Cell *classifier = nn.GetCell("classifier");
// Get classifier inputs and outputs.
Tensor *x = classifier->GetParameter("x:0");
Tensor *y = classifier->GetParameter("y:0");
Myelin can load and compile a flow file into a Network
object. This contains
a cell for for each function in the flow file. A Cell
holds the generated
code for computing the cell function as well as a description of the data layout
for all the parameters used by the computation. The parameters can be input
(e.g. x
), output parameters (e.g. y
), or intermediate values needed by the
cell computation.

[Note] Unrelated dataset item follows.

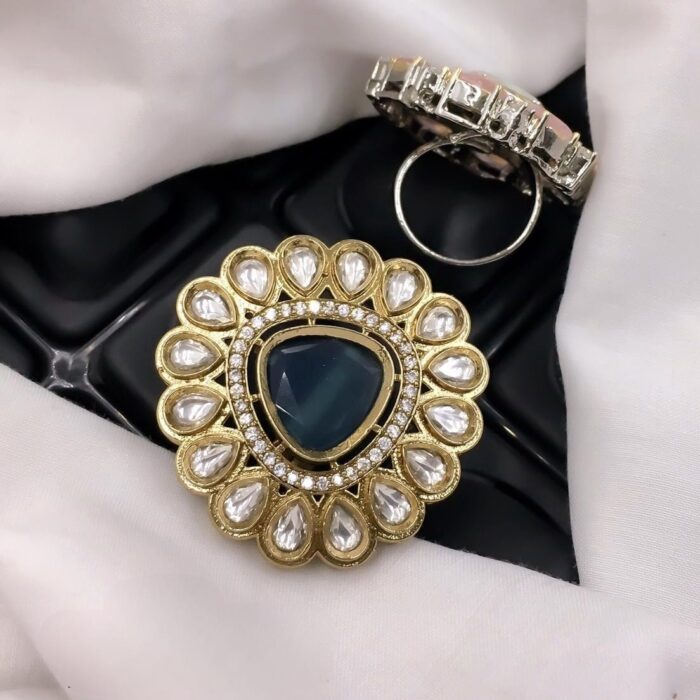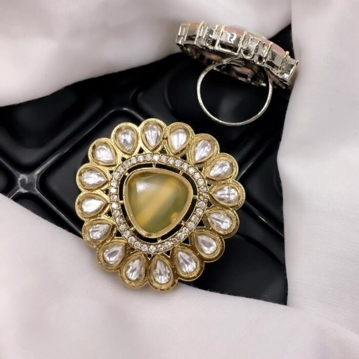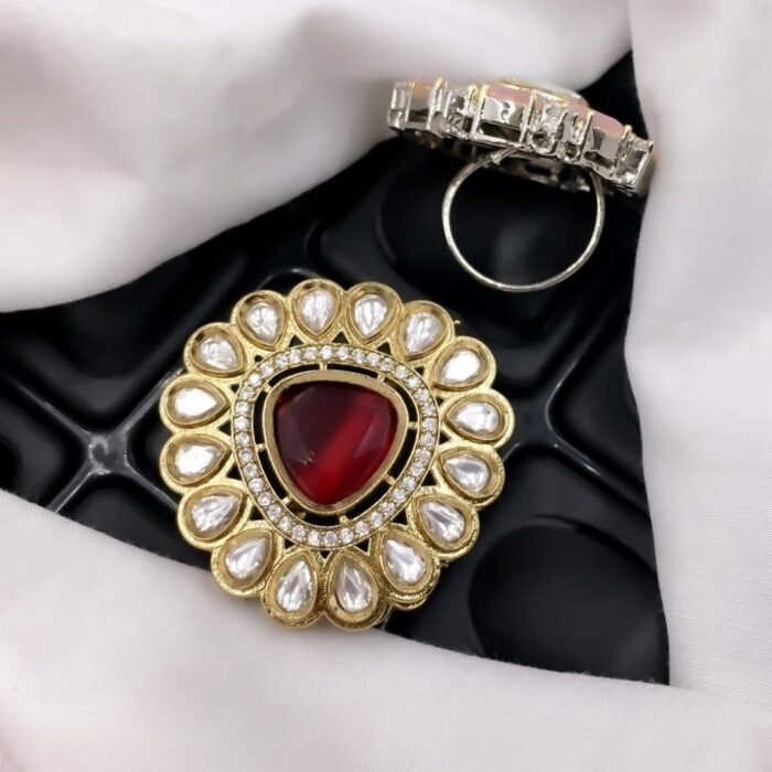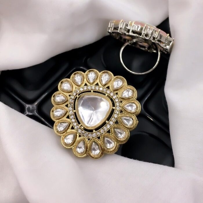Large Statement Kundan Rings with White Stones

Constant parameters (e.g. W
and b
) are stored in the
Network
object and can be shared between cells.
After the network has been compiled, the parameters can be looked up in the
cell or network. The Tensor
object then knows the location of the parameter
in the compiled flow.
// Create instance of neural network cell for classifying input.

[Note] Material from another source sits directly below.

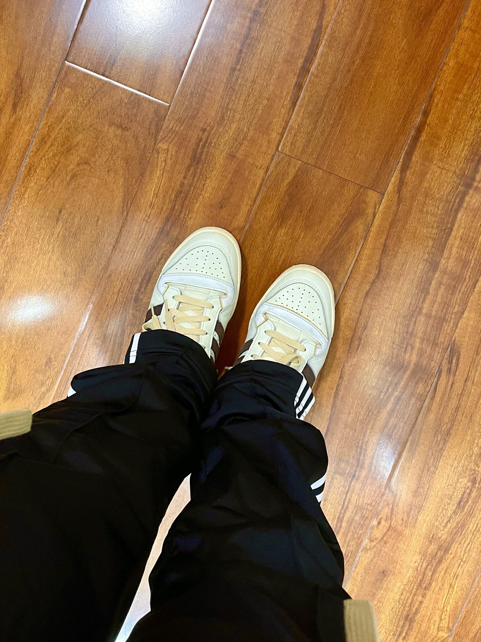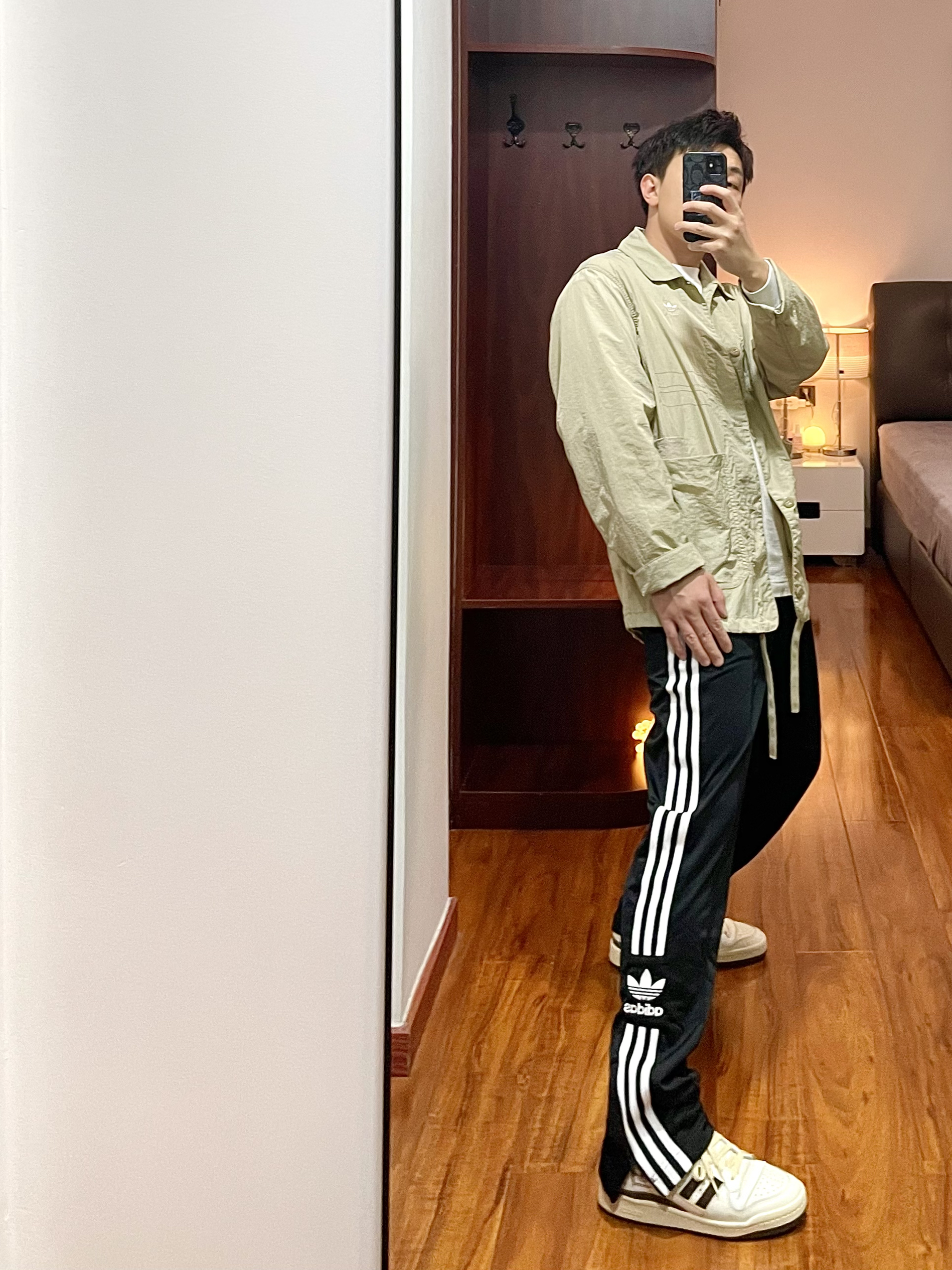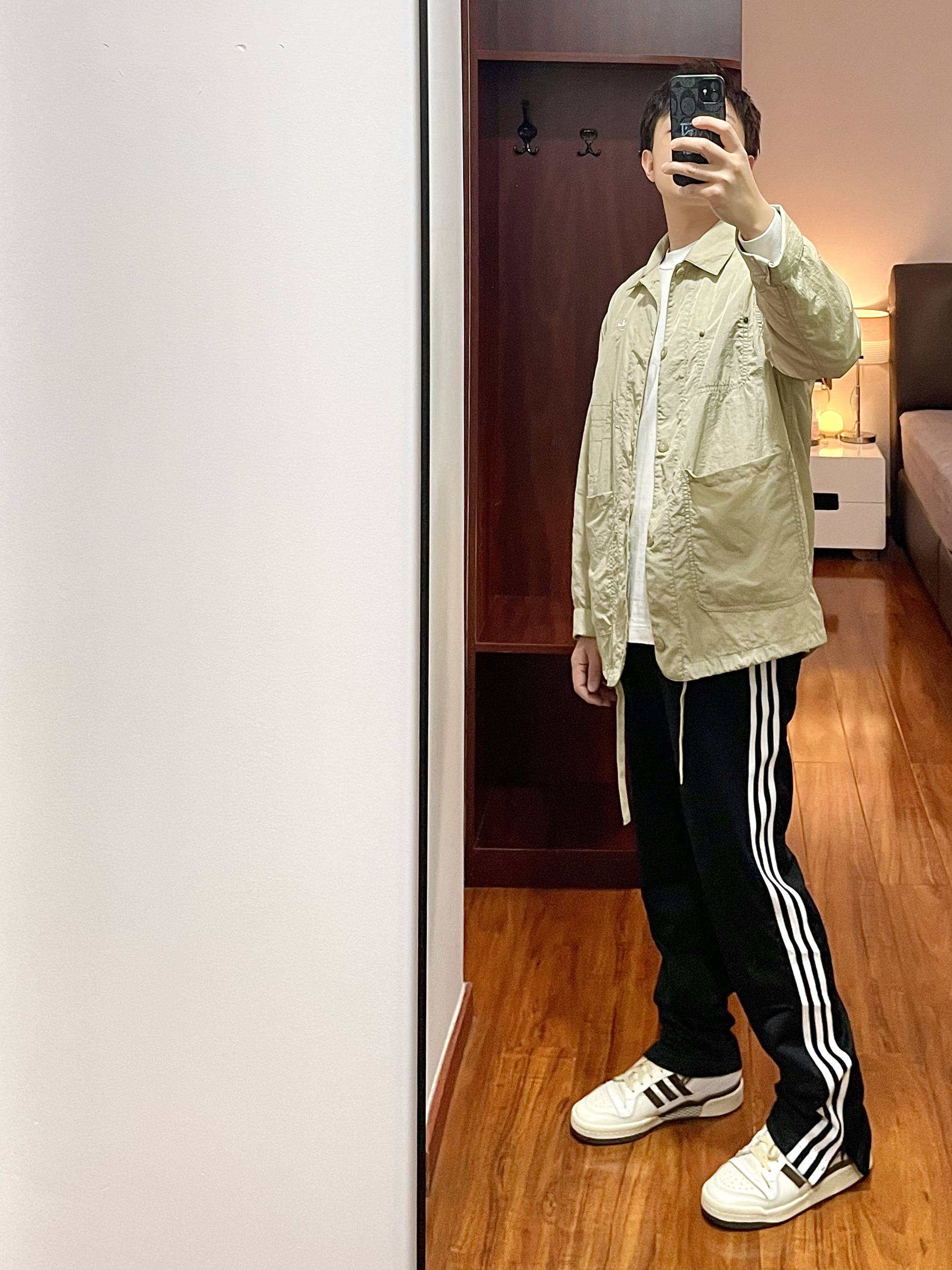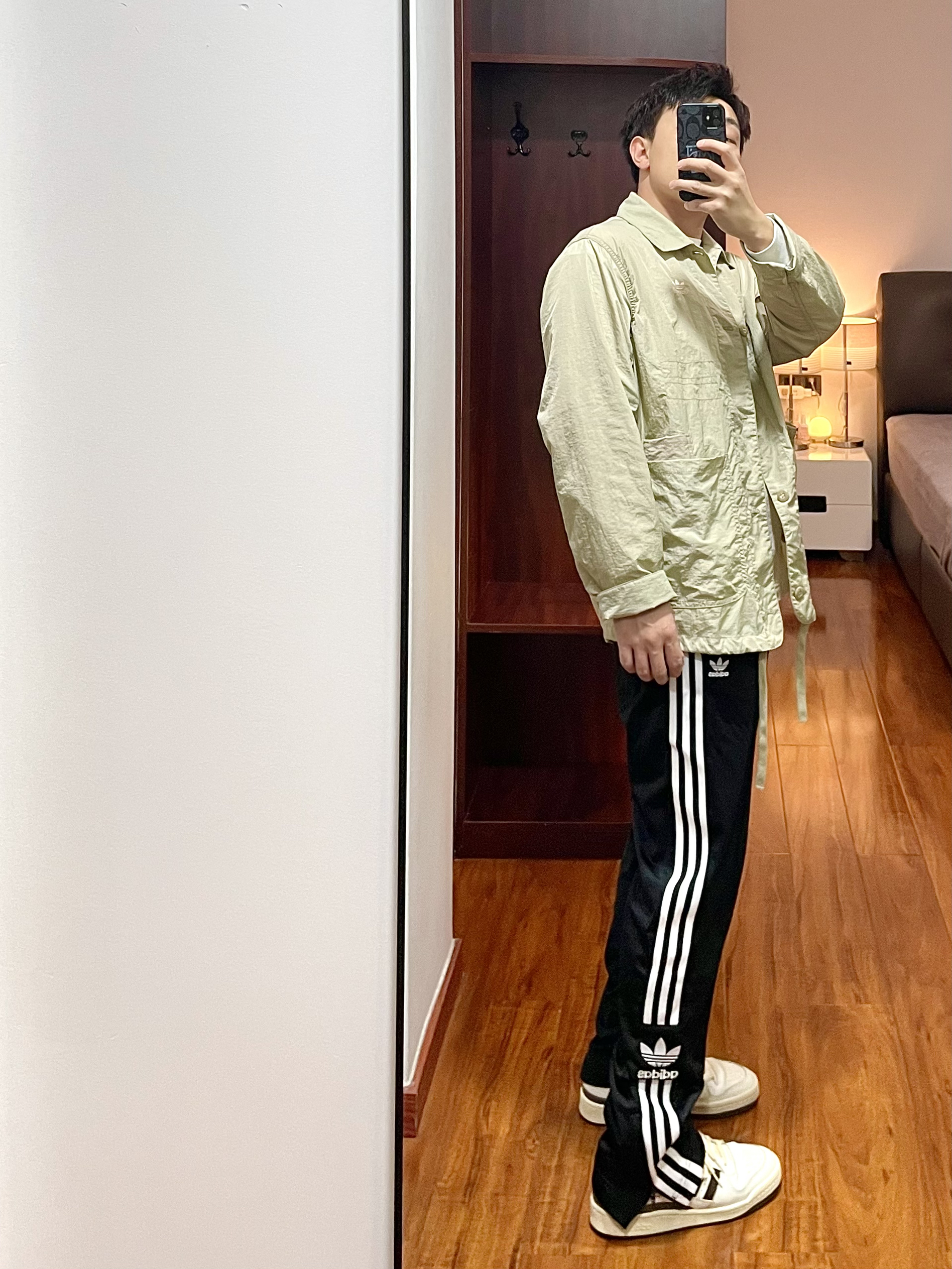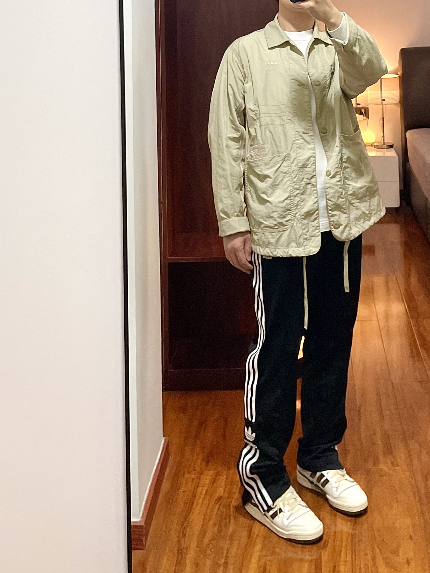 170/135斤 一个普通人的穿搭分享 👔:Adidas 运动夹克HM8015 S码 浅卡其色,面料是梭织的比较轻薄,通风透气现在回暖的天气内搭一件T恤就可以了,尺码是偏大的。 👖:Adidas 运动裤FU1733 XL码 裤子是女款,版型男女可穿,裤脚处有拉链有高街风的效果,侧边的边条logo很帅,面料不厚春季可穿。 👟:Adidas forum84 白棕色 41码 做旧泛黄白色鞋面,魔...

Instance data(classifier);
// Set input for classification.
float *input = data.Get<float>(x);
<<< fill input array with image data >>>
// Classify input.
data.Compute();
// Get output prediction.
float *output = data.Get<float>(y);
<<< argmax of output distribution is the prediction >>
An Instance
object is used for computing a cell function. The instance
allocates memory for all the input, output, and intermediate parameters for
the cell. Multiple instance objects can be created for a cell function and
computations on these different instances can be done concurrently.
When an instance for a cell has been allocated, the input parameters should be
filled into the instance. The Compute()
method then invokes the generated code
for the cell and computes the output parameters from the input parameters (and
constant parameters). Then the values of the output parameters can be read from
the instance object.
An instance object can be used for multiple computations, but the Clear()

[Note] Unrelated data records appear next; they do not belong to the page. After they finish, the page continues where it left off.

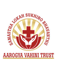 This is the logo of Aarogya Vahini Trust, a healthcare and social service organization. The design features a red medical cross held by caring hands, symbolizing healthcare, protection, and compassion. The rising rays represent hope and positive impact. The Sanskrit motto “Swastha Lokah Sukhino Bhavantu” means “May all people be healthy and happy,” reflecting the Trust’s commitment to community well-being and humanitarian service.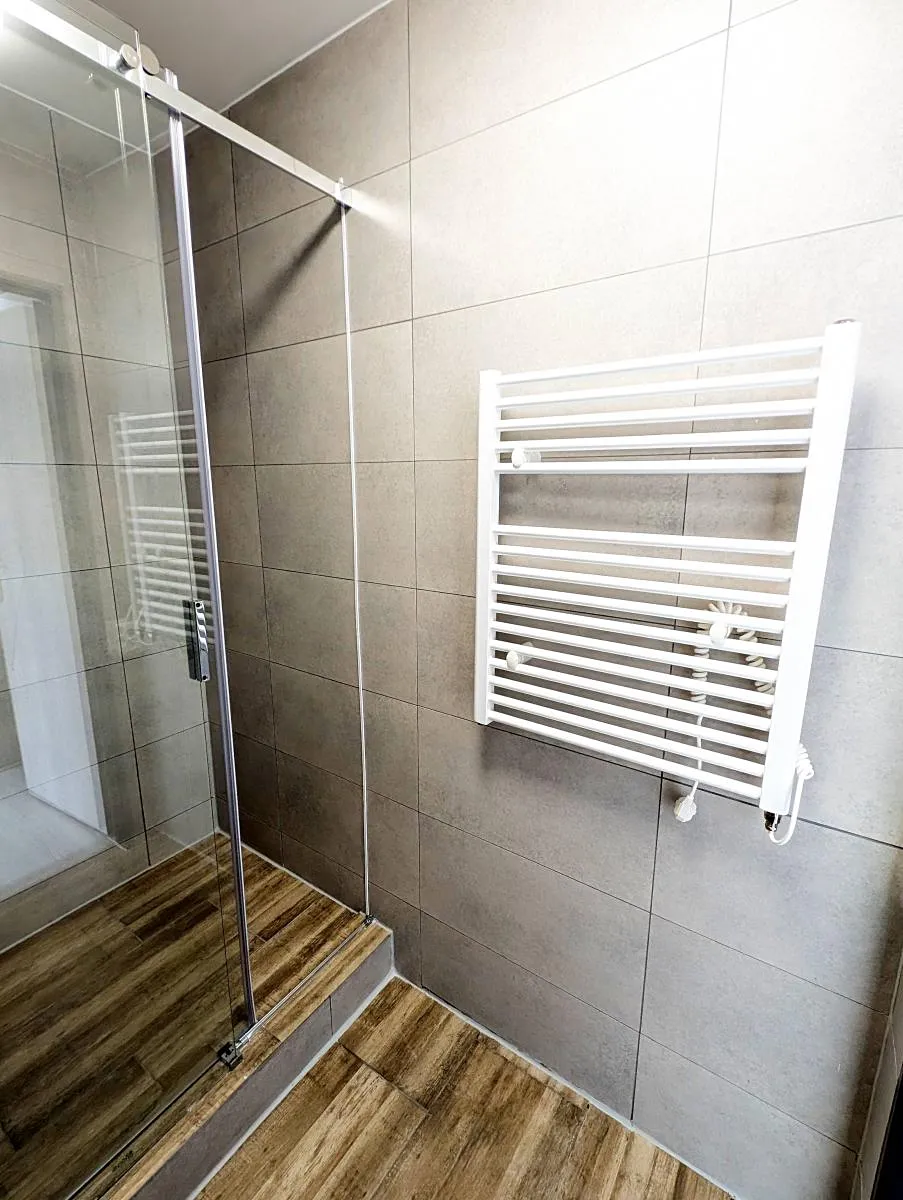 Koupelna je nově obložena velkoformátovým obkladem v neutrálním tónu a vybavena sprchovým koutem, umyvadlem se zrcadlem, toaletou a topným žebříkem. Samozřejmostí je příprava pro připojení pračky.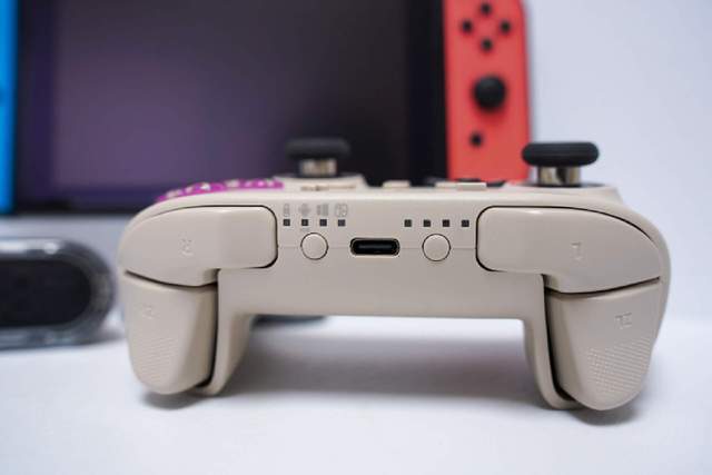 在手柄的顶部,设置了三大平台安卓、PC、Switch四个模式的指示灯,方便玩家随时了解当前所处的游戏模式。同时,还配备了模式切换按键、TYPE-C接口、手柄电量指示灯以及配对按键,让玩家能够轻松实现手柄与不同设备的连接和切换。

method needs to be called before the instance can be reused for another
computation.
A flow file contains a trained neural network with variables, operations, functions, connectors, and blobs. It is a simple binary file format with the following structure:
flow = "flow" <version>
<#flags> (unused, from version 5)
<#vars> var*
<#ops> op*
<#funcs> func*
<#cnxs> cnx*
<#blobs> blob* (from version 4)
var = <#flags> (IN=1, OUT=2, REF=4, LEARNABLE=8 UNIQUE=16, from version 5)
<name$>
<#aliases> <alias$>*
<dtype$>
<shape>
<#attrs> attr* (from version 6)
<#bytes> value
op = <#flags> (unused, from version 5)
<name$>
<type$>
<#inputs> <input$>*
<#outputs> <output$>*
<#attrs> attr*
blob = <#flags> (unused, from version 5)
<name$>
<type$>
<#attrs> attr*
<#bytes> data
func = <#flags> (TRAINING=1, from version 5)
<name$>
<#ops> <op$>*
cnx = <#flags> (unused, from version 5)
<name$>
<#vars> <var$>*
shape = <#dims> <size>*
attr = <name$> <value$>
dtype = "float16" | "float32" | "float64" | "int8" | "uint8" |
"int16" | "uint16" | "int32" | "uint64"
"flow" = 0x776f6c66
version = 3 | 4 | 5 | 6
A flow file begins with the magic string "flow" followed by a version number. Numbers are encoded as 32-bit integers stored in little-endian format (aka Intel format). Strings are stored as length-prefixed strings where the length is encoded as a 32-bit integer. Constant data for variables are stored in numpy ndarray row-major format with an unsigned 64-bit little-endian length prefix. If a variable does not have any constant value, the length is zero.